0 1 2 3 4 5 6 7 8 9 
0 1 2 3 4 5 6 7 8 9 10 11 12 13 14 15 16 17 18 19 
0 1 2 3 4 5 6 7 8 9 10 11 12 13 14 15 16 17 18 19 20 21 22 23 24 25 26 27 28 29 
0 1 2 3 4 5 6 7 8 9 10 11 12 13 14 15 16 17 18 19 20 21 22 23 24 25 26 27 28 29 30 31 32 33 34 35 36 37 38 39 
0 1 2 3 4 5 6 7 8 9 10 11 12 13 14 15 16 17 18 19 20 21 22 23 24 25 26 27 28 29 30 31 32 33 34 35 36 37 38 39 40 41 42 43 44 45 46 47 48 49 
0 1 2 3 4 5 6 7 8 9 10 11 12 13 14 15 16 17 18 19 20 21 22 23 24 25 26 27 28 29 30 31 32 33 34 35 36 37 38 39 40 41 42 43 44 45 46 47 48 49 50 51 52 53 54 55 56 57 58 59 
0 1 2 3 4 5 6 7 8 9 10 11 12 13 14 15 16 17 18 19 20 21 22 23 24 25 26 27 28 29 30 31 32 33 34 35 36 37 38 39 40 41 42 43 44 45 46 47 48 49 50 51 52 53 54 55 56 57 58 59 60 61 62 63 64 65 66 67 68 69 
0 1 2 3 4 5 6 7 8 9 10 11 12 13 14 15 16 17 18 19 20 21 22 23 24 25 26 27 28 29 30 31 32 33 34 35 36 37 38 39 40 41 42 43 44 45 46 47 48 49 50 51 52 53 54 55 56 57 58 59 60 61 62 63 64 65 66 67 68 69 70 71 72 73 74 75 76 77 78 79 
0 1 2 3 4 5 6 7 8 9 10 11 12 13 14 15 16 17 18 19 20 21 22 23 24 25 26 27 28 29 30 31 32 33 34 35 36 37 38 39 40 41 42 43 44 45 46 47 48 49 50 51 52 53 54 55 56 57 58 59 60 61 62 63 64 65 66 67 68 69 70 71 72 73 74 75 76 77 78 79 80 81 82 83 84 85 86 87 88 89 
UNIX> 
What's going on?

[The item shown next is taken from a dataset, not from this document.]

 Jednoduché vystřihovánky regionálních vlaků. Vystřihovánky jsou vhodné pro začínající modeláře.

Well, first, you are always inserting il into each top-level list. When you do that, it makes a copy of il, and then does not insert the integers into the copy, but into il. This is why il keeps growing, and why the first line is blank -- we are printing an empty list.

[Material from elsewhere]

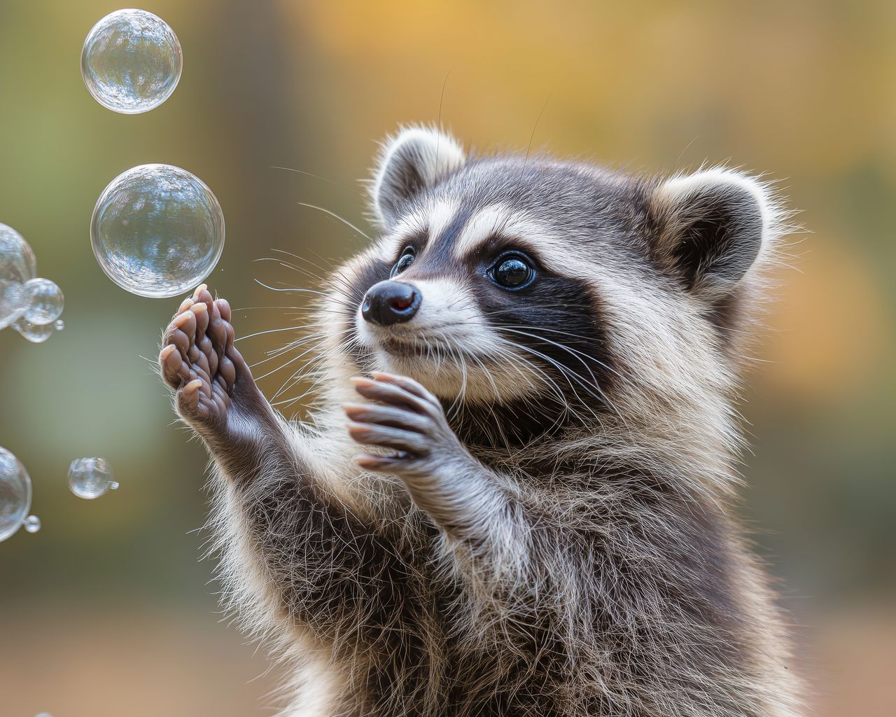 Download 1280x1024 raccoon, animal, bubbles, cute wallpaper, background standard 5:4

We can fix this by getting rid of il and accessing the list elements directly. A solution is in list_o_list_3.cpp:

#include <iostream>
#include <list>
using namespace std;

typedef list <int> intlist;

main()
{
  list <intlist> numlists;
  list <intlist>::iterator nlit;
  intlist il;
  intlist::iterator ilit;
  int i, j;

  for (j = 0; j < 100; j += 10) {
    numlists.resize(numlists.size()+1);
    for (i = 0; i < 10; i++) {
      numlists.back().push_back(i+j);   /* Yuck */
    }
  }

  for (nlit = numlists.begin(); nlit != numlists.end(); nlit++) {
    il = *nlit;
    for (ilit = il.begin(); ilit != il.end(); ilit++) cout << *ilit << " " ;
    cout << endl;
  }
}

That's an awful line of code, isn't it? Spend some time reading it to make sure you understand it. It seems to work fine:

UNIX> list_o_list_3
0 1 2 3 4 5 6 7 8 9 
10 11 12 13 14 15 16 17 18 19 
20 21 22 23 24 25 26 27 28 29 
30 31 32 33 34 35 36 37 38 39 
40 41 42 43 44 45 46 47 48 49 
50 51 52 53 54 55 56 57 58 59 
60 61 62 63 64 65 66 67 68 69 
70 71 72 73 74 75 76 77 78 79 
80 81 82 83 84 85 86 87 88 89 
90 91 92 93 94 95 96 97 98 99 
UNIX> 
However, there is a bug. That is the line

    il = *nlit;

This line makes a copy of *nlit, which makes a copy of the list. As I said in class, it makes one pine for C, which doesn't let you make copies so wantonly. To fix this, remove il completely (list_o_list_4.cpp):

#include <iostream>
#include <list>
using namespace std;

typedef list <int> intlist;

main()
{
  list <intlist> numlists;
  list <intlist>::iterator nlit;
  intlist il;
  intlist::iterator ilit;
  int i, j;

  for (j = 0; j < 100; j += 10) {
    numlists.resize(numlists.size()+1);
    for (i = 0; i < 10; i++) {
      numlists.back().push_back(i+j);
    }
  }

  for (nlit = numlists.begin(); nlit != numlists.end(); nlit++) {
    for (ilit = nlit->begin(); ilit != nlit->end(); ilit++) cout << *ilit << " " ;
    cout << endl;
  }
}

Again, I find that code unreadable -- in fact, this code is so ugly, you may as well put it all on one line (list_o_list_5.cpp):

#include <iostream>
#include <list>
using namespace std; typedef list <int> intlist; main() { list <intlist> numlists; list <intlist>::iterator nlit; intlist il; intlist::iterator ilit; int i, j; for (j = 0; j < 100; j += 10) { numlists.resize(numlists.size()+1); for (i = 0; i < 10; i++) { numlists.back().push_back(i+j); } } for (nlit = numlists.begin(); nlit != numlists.end(); nlit++) { for (ilit = nlit->begin(); ilit != nlit->end(); ilit++) cout << *ilit << " " ; cout << endl; } }

For the record, I don't advocate doing this -- it's just that list_o_list_4.cpp is so unreadable it may as well be on one line.